» **Assignment**
In the entries below, begin at the line that has "Garlic Green Peas 8.46 Oz(2 Pack)蒜香青豆" and stop after the line that has "Bayhan ayrıca Gezi"; output those lines exactly, leaving out pictures.

» **Saved data entries**
= = = =

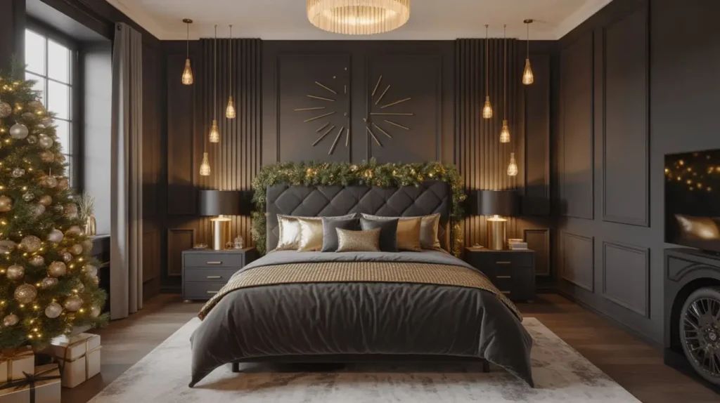 If you wear all black to holiday parties, this is your room aesthetic. It’s moody, dramatic, and sexy. Yes, a Christmas room can be sexy. The high contrast between black elements and warm gold lights creates a sophisticated atmosphere.
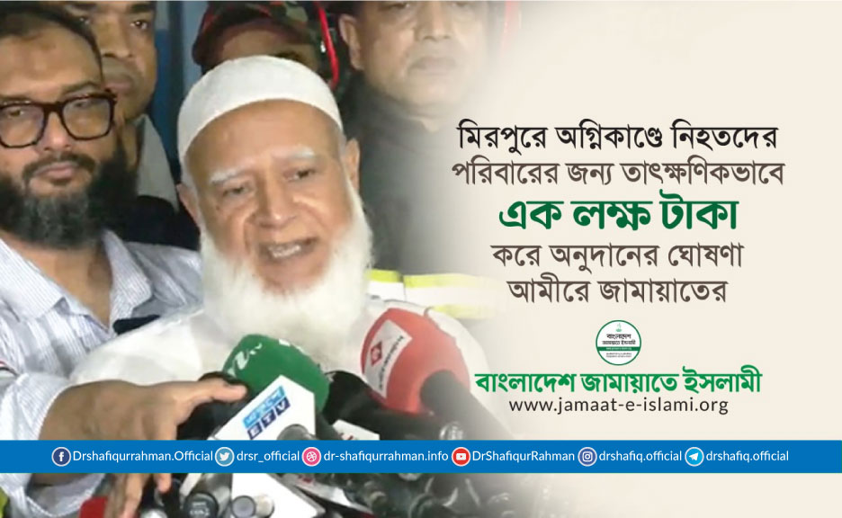 আমীরে জামায়াত নিহত ও আহতদের বিষয়ে খোঁজখবর নেন এবং নিহতদের প্রত্যেক পরিবারের জন্য তাৎক্ষণিকভাবে এক লক্ষ টাকা করে অনুদান ঘোষণা করেন। একই সঙ্গে এ বিষয়ে দ্রুত প্রয়োজনীয় ব্যবস্থা গ্রহণের জন্য সংগঠনের দায়িত্বশীলদের নির্দেশ দেন।
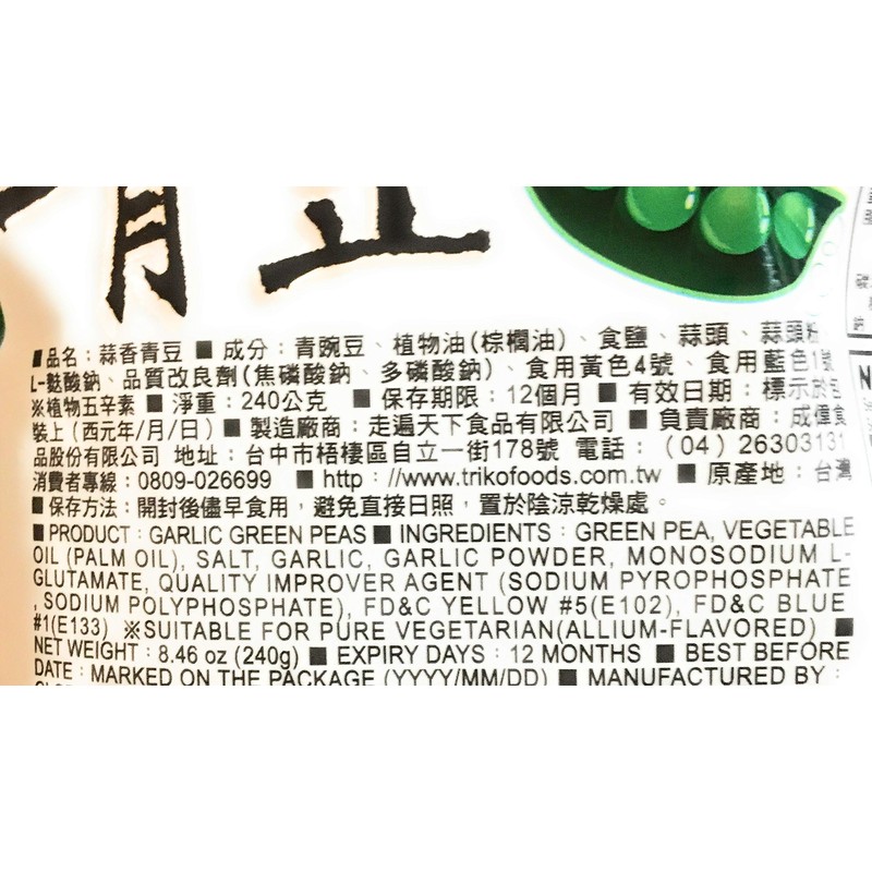 Garlic Green Peas 8.46 Oz(2 Pack)蒜香青豆
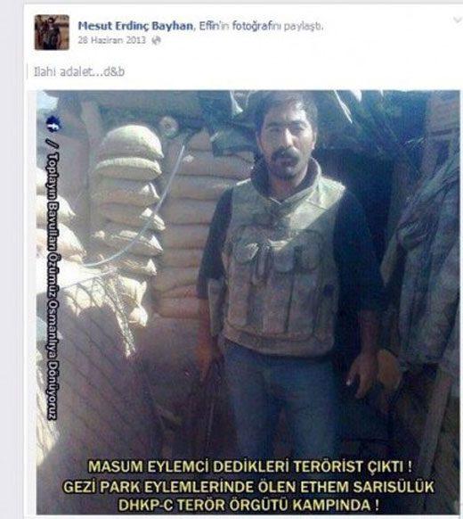 Bayhan ayrıca Gezi Parkı eylemlerinde hayatını kaybeden Ethem Sarısülük’ün tabur komutanlığında çekilen fotoğrafının terör örgütü kampında çekildiğini öne sürmüş, 28 Haziran 2013’teki paylaşımında Sarısülük’ün fotoğrafının üzerine “İlahi adalet” yazmıştı.
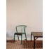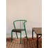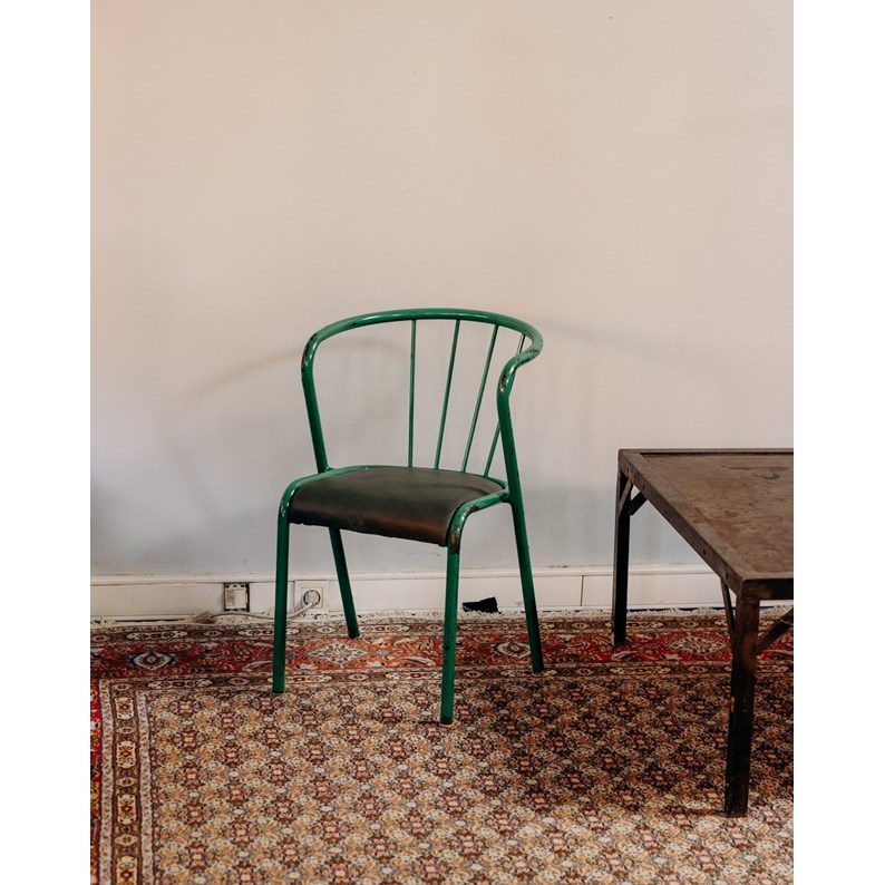 Adoptez cette chaise industrielle verte au charme d'atelier, non signée, dont la structure en tôle et tube d'acier cintré et l'assise en skai offrent robustesse et un confort discret. Le dossier incurvé ajouré, avec ses montants verticaux et le petit accoudoir asymétrique, rappelle le mobilier français des années 1940–1950 et s'intègre naturellement dans un coin bistrot ou un bureau compact. Sa peinture verte d'origine affiche une belle patine d'usage qui lui confère chaleur et authenticité. Quelques marques d'usage qui font son authenticité.
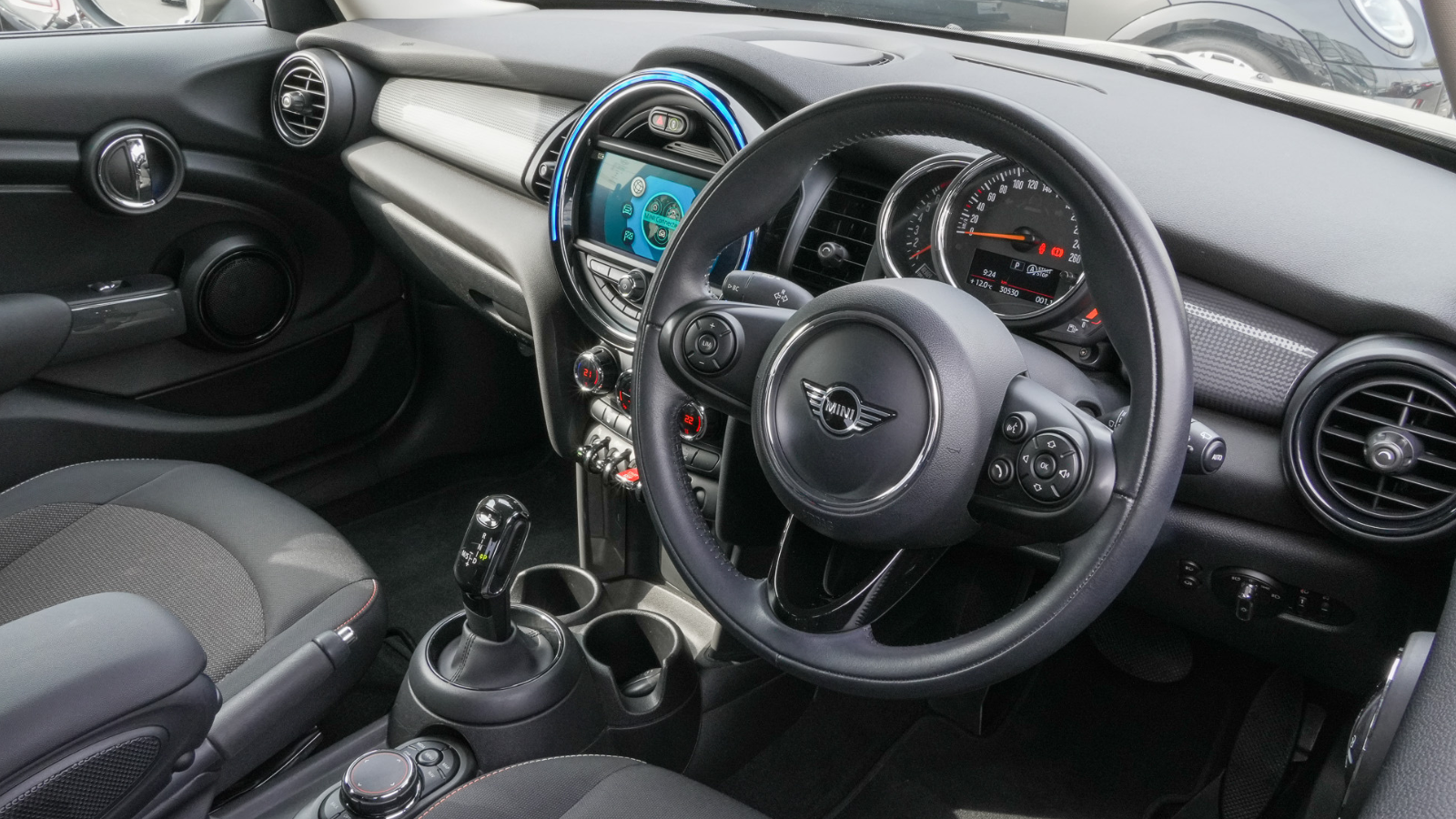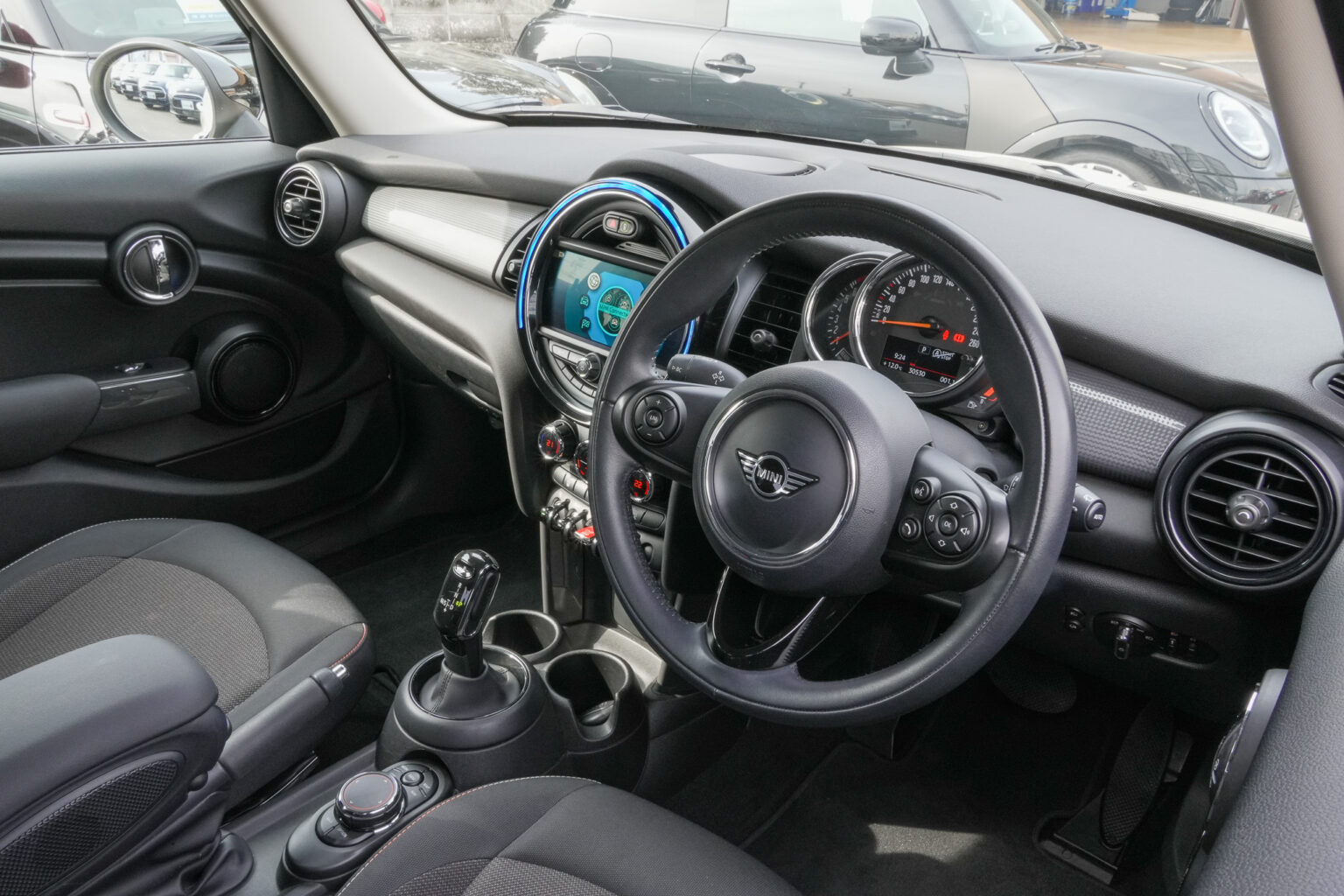 「MINIのデザインがとにかく好き」と仰るK様。実際に在庫車両をご覧いただき実車のドアを開けた瞬間…丸みを帯びたセンターディスプレイやトグルスイッチなど、遊び心溢れるこだわりのインテリアを見て感激されていました!
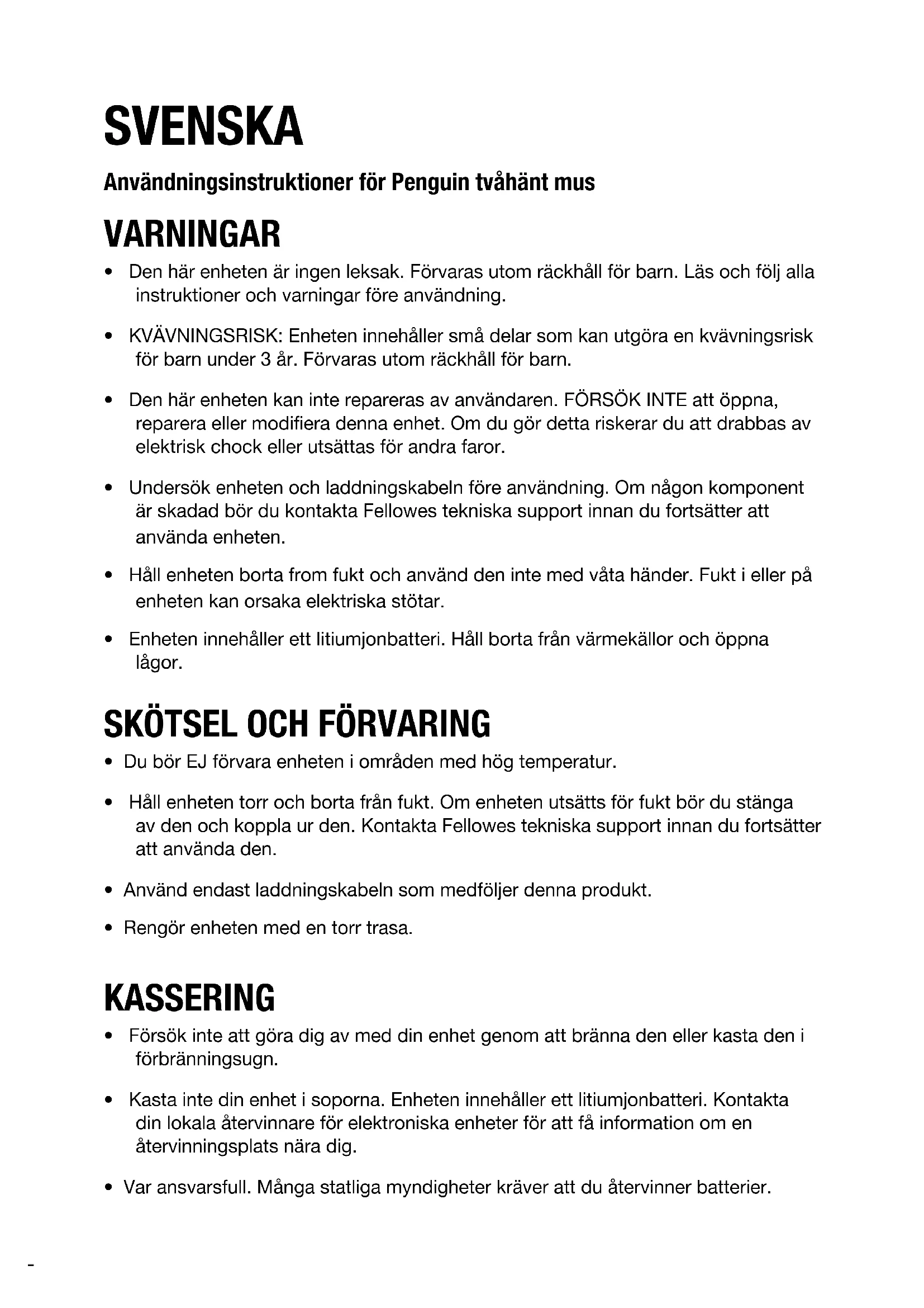 - Testa din Penguin-mus på en annan PC/laptop och se om problemet fortfarande kvarstår.VIKTIG INFORMATION Hälsa Om du spenderar långa tidsperioder framför din arbetsstation utan att ta regelbundna raster kan detta göra att du känner dig dålig. Om du fortsätter att känna dig dålig bör du uppsöka kvalificerad läkarhjälp. Råd/underhållsinformation för användare Undvik kontakt med starka krämer/desinfektionsmedel av medicinell karaktär när du använder Penguin-musen. Försök att avlägsna damm regelbundet från din undersida av din Penguin-mus för att se till att musen glider runt smidigt. Friskrivningsklausul Vi kommer att göra vårt yttersta för att se till att informationen och förfarandena i den här vägledningen är korrekta och fullständiga. Vi accepterar inget ansvar för fel eller försummelser, och förbehåller oss härmed rätten att göra ändringar av vilket som helst slag utan något varsel om detta. 2 års garanti för Fellowes Penguin tvåhänt vertikal mus Fellowes, Inc. ("Företaget") garanterar att denna produkt är fri från brister avseende material och utförande, som visar sig inom två (2) år från produktens ursprungliga inköpsdatum. Om en sådan defekt uppkommer under garantiperioden så kommer Bolaget att (efter eget val) antingen reparera eller ersätta den defekta produkten utan kostnad för service eller delar, eller återbetala inköpspriset. Företaget kan kräva att produkten ska återlämnas till en plats som bestäms av Kundtjänst, på kundens bekostnad. Garantin gäller endast den ursprungliga inköparen och täcker ej anspråk som uppstår till följd av missbruk, underlåtenhet att följa instruktionerna vid installation och användning, försummelse, användning av ej godkända tillbehör, kommersiell användning, användning vid en strömstyrka eller spänning som ej motsvarar den som specificeras på produkten, eller obehörig service under garantiperioden på villkor som i övrigt täcks av garanti.LÄNGDEN PÅ EVENTUELLA UNDERFÖRSTÅDDA GARANTIER, DÄRIBLAND

= = = =

» **Expected answer**
 Garlic Green Peas 8.46 Oz(2 Pack)蒜香青豆
 Bayhan ayrıca Gezi Parkı eylemlerinde hayatını kaybeden Ethem Sarısülük’ün tabur komutanlığında çekilen fotoğrafının terör örgütü kampında çekildiğini öne sürmüş, 28 Haziran 2013’teki paylaşımında Sarısülük’ün fotoğrafının üzerine “İlahi adalet” yazmıştı.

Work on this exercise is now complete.